Duplicacy vs Restic vs Borg: Which Backup Tool is Right in 2025?

Why Backup Tools Matter More Than Ever in 2025

Let’s be real: if you’re running anything online—be it a cloud-hosted app, a Dockerized side project, or a VPS with your precious blog—backups are not optional. Ransomware, accidental rm -rf /, or just a botched update can nuke your data in seconds. And with the explosion of cheap VPSes, self-hosted services, and containerization, the “set it and forget it” backup tool is more important than ever.

But which tool should you trust with your digital life? In 2025, three names keep popping up: Duplicacy, Restic, and Borg. Each has its fanbase, quirks, and magic. Let’s break down how they work, how to get started fast, and which one fits your needs—whether you’re running a single VPS or orchestrating a fleet of Docker containers.
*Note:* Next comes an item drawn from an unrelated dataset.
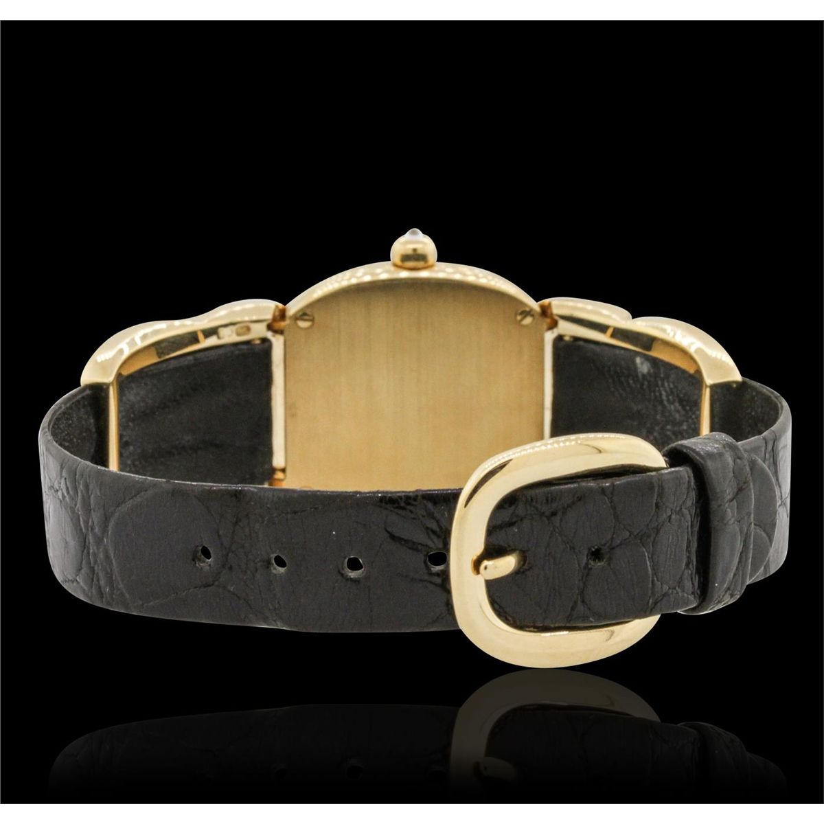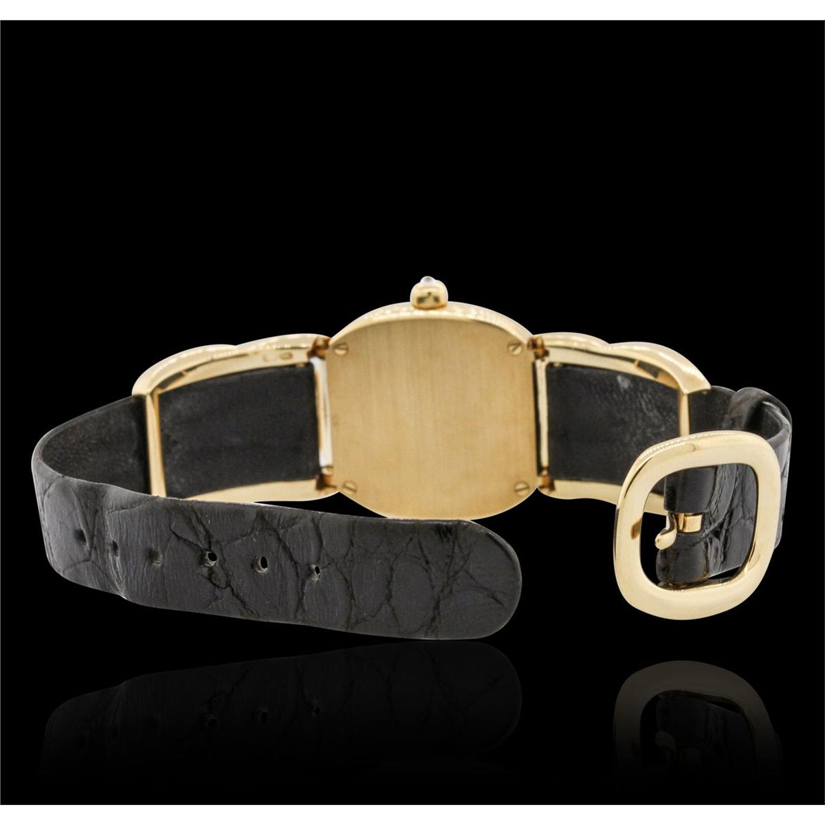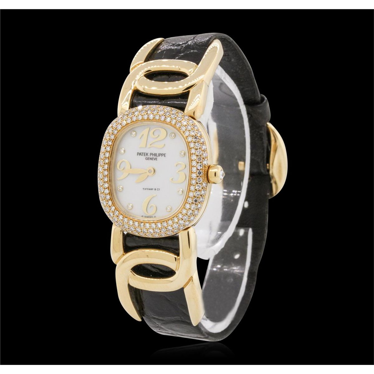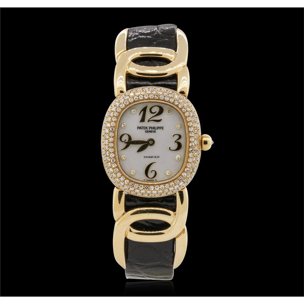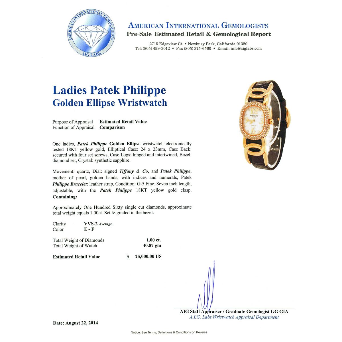 One ladies, Patek Philippe Golden Ellipse wristwatch electronically tested 18KT yellow gold, Elliptical Case: 24 x 23mm, Case Back: secured with four set screws, Case Lugs: hinged and intertwined, Bezel: diamond set, Crystal: synthetic sapphire. Movement: quartz, Dial: signed Tiffany & Co, and Patek Philippe, mother of pearl, golden hands, with indices and numerals, Patek Philippe Bracelet: leather strap, Condition: G-5 Fine. Seven inch length, adjustable, with the Patek Philippe 18KT yellow gold clasp. Containing: Approximately One Hundred Sixty single cut diamonds, approximate total weight equals 1.00ct. Set & graded in the bezel. Clarity VVS-2 Average. Color: E - F. Total Weight of Diamonds 1.00ct. Total Weight of Watch 40.87 grams. AIG Appraised at $25,000.00.

The Big Three: Duplicacy vs Restic vs Borg

All three are open-source, deduplicating, and support encrypted backups. But they have different philosophies and workflows. Here’s what you need to know:

Feature Duplicacy Restic Borg
Deduplication Global (across all backups) Per-repository Per-repository
Encryption Built-in, strong Built-in, strong Built-in, strong
Cloud Storage Support Excellent (S3, GDrive, Azure, B2, etc.) Good (S3, B2, Azure, etc.) Limited (SSH, SFTP, local, some cloud via rclone)
Speed Fast, especially with many clients Fast, but can slow with large repos Very fast for local/SSH
Pruning/Retention Flexible, simple Flexible, simple Flexible, but can be complex
Docker Support Great (official images) Great (official images) Good (community images)
License Proprietary for GUI, CLI is open source Open source (BSD-2) Open source (BSD)
Windows Support Excellent Good Basic (WSL or Cygwin)

How Do They Work? Algorithms & Structure (Geek Mode!)

Deduplication: The Secret Sauce

  • Duplicacy: Uses global deduplication—all clients backing up to the same storage share chunks, so you save space if you have similar data across servers. This is a killer feature for fleets of VPSes or Docker hosts.
  • Restic & Borg: Deduplicate within each repository. If you back up two servers to the same repo, they’ll deduplicate, but if you use separate repos, no cross-deduplication.

Encryption

  • All three encrypt data before it leaves your server. No plaintext in the cloud. Restic and Duplicacy use AES-GCM; Borg uses authenticated encryption (AES-CTR + HMAC).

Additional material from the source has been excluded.